= Thavisouk Phrasavath =

Thavisouk Phrasavath is a New York-based Laotian-American film director/editor, writer and visual artist.

==Biography==

Thavisouk (Thavi) Phrasavath is a 2008 Academy Award and Film Independent Spirit Award Nominated Filmmaker. As well as being one of the creators, writer, director, a narrator and a subject of the 2010 Creative Arts Primetime Emmy award winner for Exceptional Merit in Nonfiction Filmmaking - The Betrayal (Nerakhoon).

His background in community work includes assisting Gang Prevention for Youth and Family Crisis Intervention through the Church Avenue Merchants Block Association. He also worked with the police as a liaison and consultant for the Lao community. Phrasavath has also consulted for the New York City Board of Education.

==Filmography==
His projects as editor Summer School, Cuba Libre, Americanos, Streaming with the Prez, Vietnam on the Cusp, Sound Painting, "Golden Venture", and most recently, Water Buffalo Don't Cry.
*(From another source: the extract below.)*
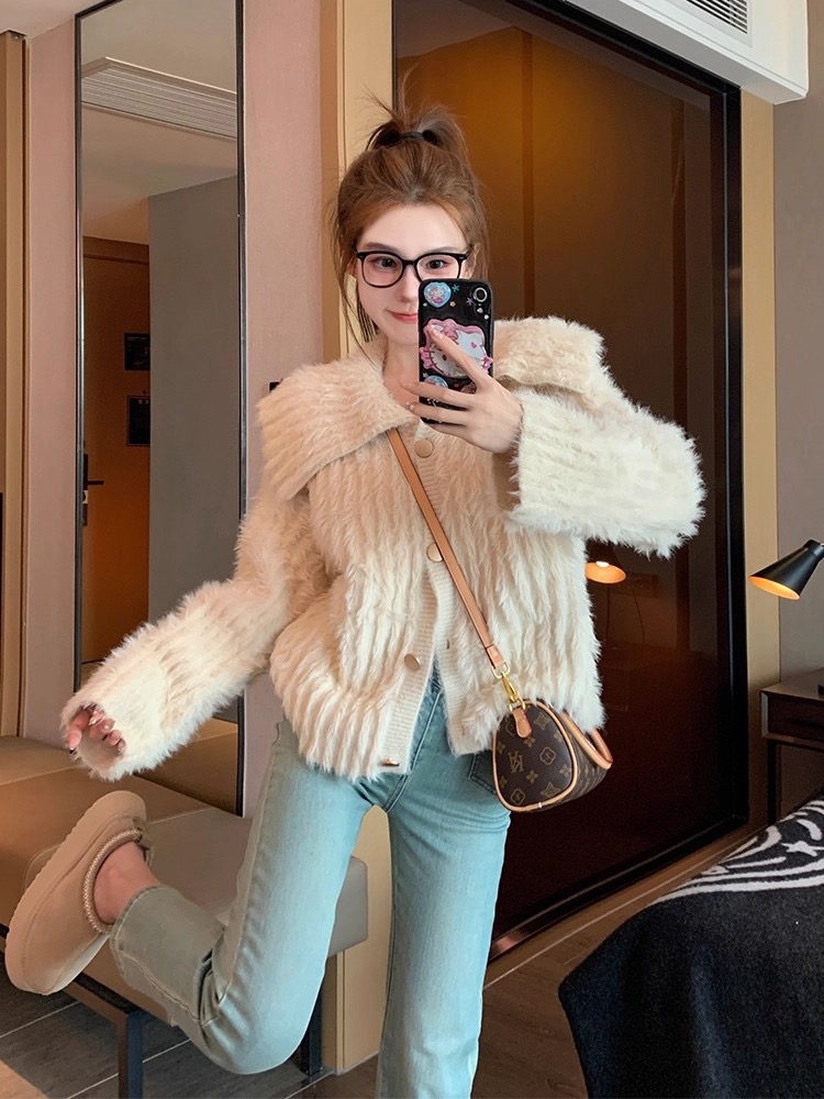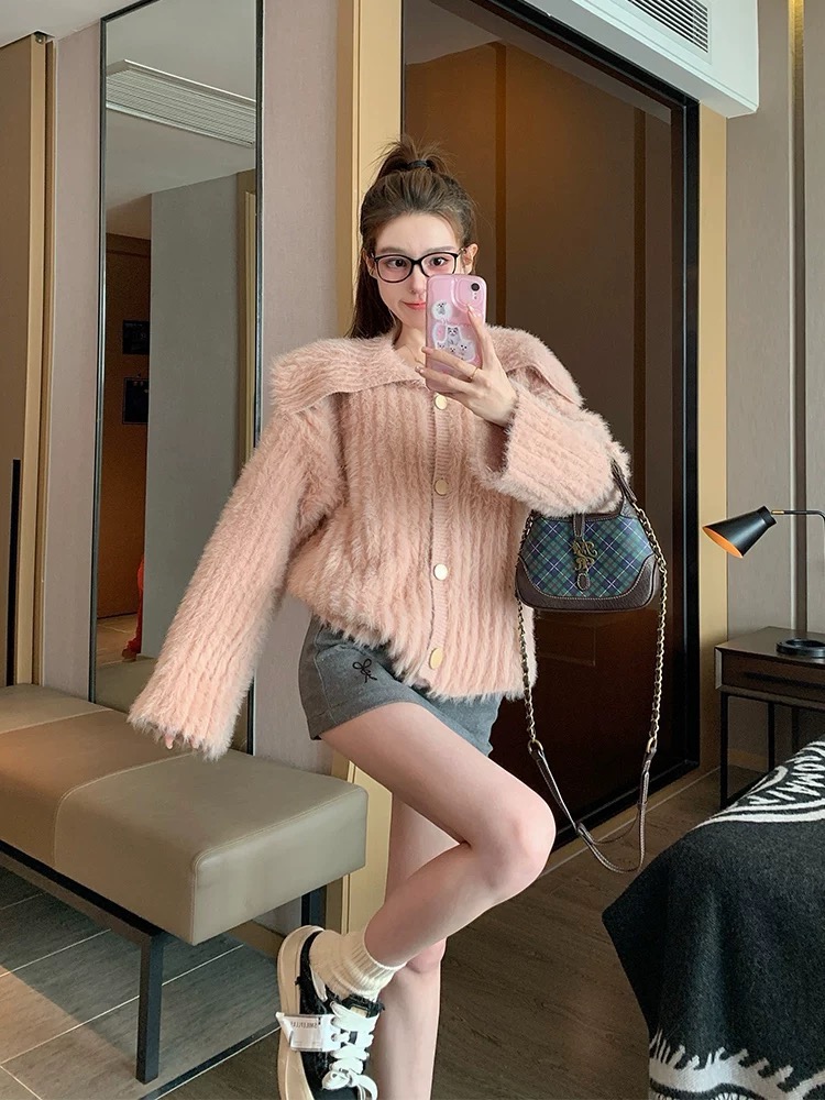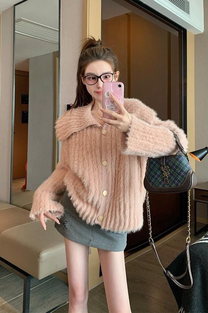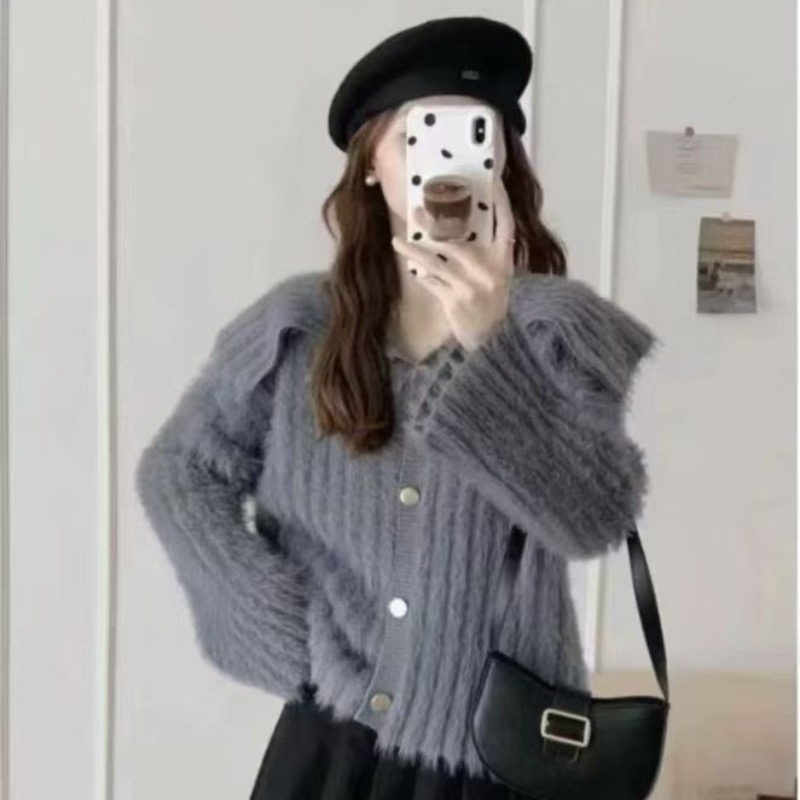 FA51999# 马海毛娃娃领开衫针织外套女秋冬新款慵懒风软糯加厚外穿毛衣 服裝批發女裝批發服飾貨源

Thavisouk Phrasavath is also the first Laotian American writer to be a member of Writers Guild of America, West (WGAW) in 2008. He is also a creative consultant for film, television and other media, directing documentaries, dramatic shorts and music video for independent record label and artists. As a writer he has published poetry and won awards for paintings and illustrations.